• EXERCISE GOAL:
The copy you give must match the records exactly, except that it holds no images.

---------- EXTRACTED INFORMATION

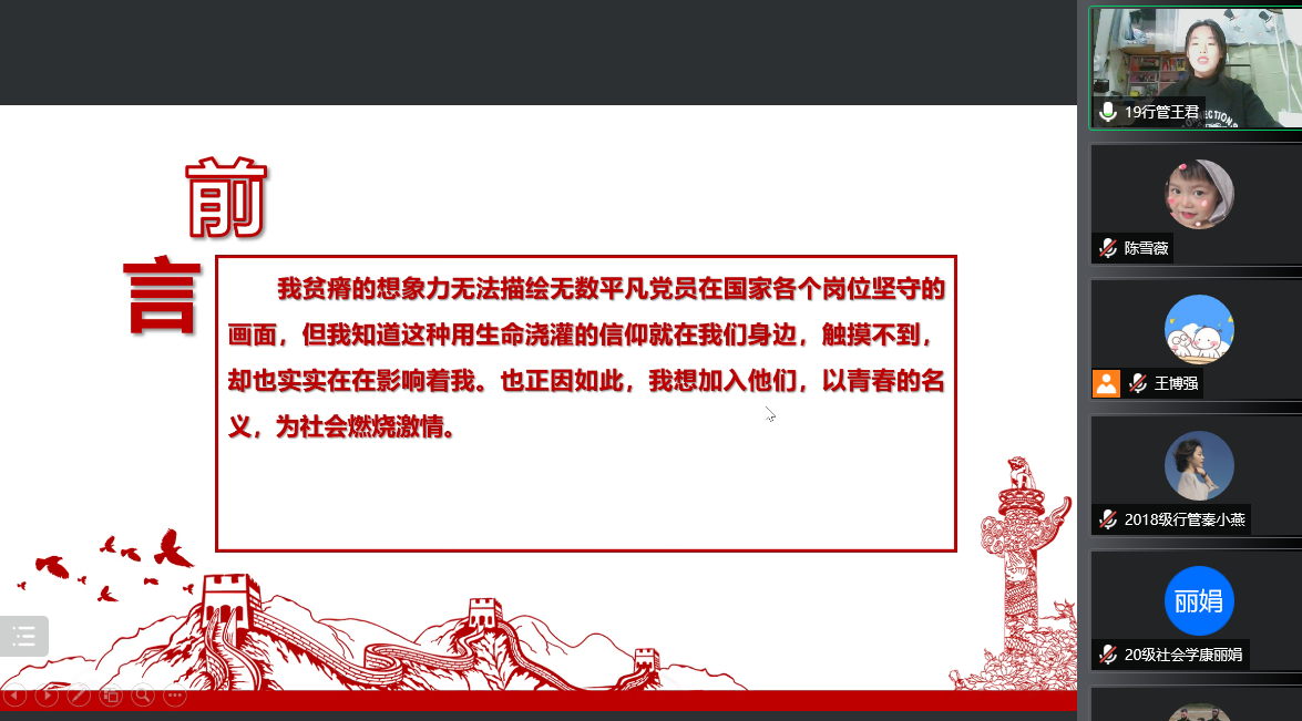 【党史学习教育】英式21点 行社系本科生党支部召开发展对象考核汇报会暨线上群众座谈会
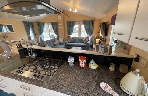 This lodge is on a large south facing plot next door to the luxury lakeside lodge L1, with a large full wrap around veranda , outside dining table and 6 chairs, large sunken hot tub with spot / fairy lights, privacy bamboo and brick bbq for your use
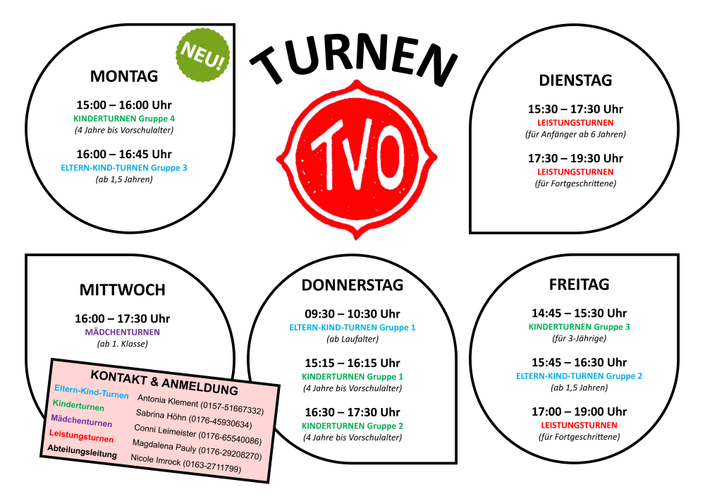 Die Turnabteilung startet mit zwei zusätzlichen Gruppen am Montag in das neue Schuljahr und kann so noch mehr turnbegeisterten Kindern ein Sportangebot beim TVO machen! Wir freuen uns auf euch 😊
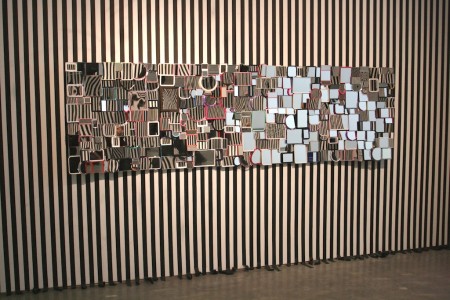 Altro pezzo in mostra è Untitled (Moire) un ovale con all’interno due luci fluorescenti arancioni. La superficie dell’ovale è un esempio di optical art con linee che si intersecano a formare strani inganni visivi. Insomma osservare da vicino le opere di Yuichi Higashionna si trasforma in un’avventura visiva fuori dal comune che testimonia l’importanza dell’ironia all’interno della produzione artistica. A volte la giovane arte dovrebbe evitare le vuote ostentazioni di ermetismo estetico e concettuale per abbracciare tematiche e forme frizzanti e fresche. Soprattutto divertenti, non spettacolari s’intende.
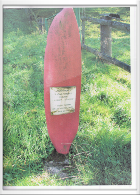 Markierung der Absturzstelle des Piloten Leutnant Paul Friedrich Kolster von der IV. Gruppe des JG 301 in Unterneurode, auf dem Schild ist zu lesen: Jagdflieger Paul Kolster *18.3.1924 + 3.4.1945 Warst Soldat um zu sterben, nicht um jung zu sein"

--------------------

• THE COMPLETED TASK:
 【党史学习教育】英式21点 行社系本科生党支部召开发展对象考核汇报会暨线上群众座谈会
 This lodge is on a large south facing plot next door to the luxury lakeside lodge L1, with a large full wrap around veranda , outside dining table and 6 chairs, large sunken hot tub with spot / fairy lights, privacy bamboo and brick bbq for your use
 Die Turnabteilung startet mit zwei zusätzlichen Gruppen am Montag in das neue Schuljahr und kann so noch mehr turnbegeisterten Kindern ein Sportangebot beim TVO machen! Wir freuen uns auf euch 😊
 Altro pezzo in mostra è Untitled (Moire) un ovale con all’interno due luci fluorescenti arancioni. La superficie dell’ovale è un esempio di optical art con linee che si intersecano a formare strani inganni visivi. Insomma osservare da vicino le opere di Yuichi Higashionna si trasforma in un’avventura visiva fuori dal comune che testimonia l’importanza dell’ironia all’interno della produzione artistica. A volte la giovane arte dovrebbe evitare le vuote ostentazioni di ermetismo estetico e concettuale per abbracciare tematiche e forme frizzanti e fresche. Soprattutto divertenti, non spettacolari s’intende.
 Markierung der Absturzstelle des Piloten Leutnant Paul Friedrich Kolster von der IV. Gruppe des JG 301 in Unterneurode, auf dem Schild ist zu lesen: Jagdflieger Paul Kolster *18.3.1924 + 3.4.1945 Warst Soldat um zu sterben, nicht um jung zu sein"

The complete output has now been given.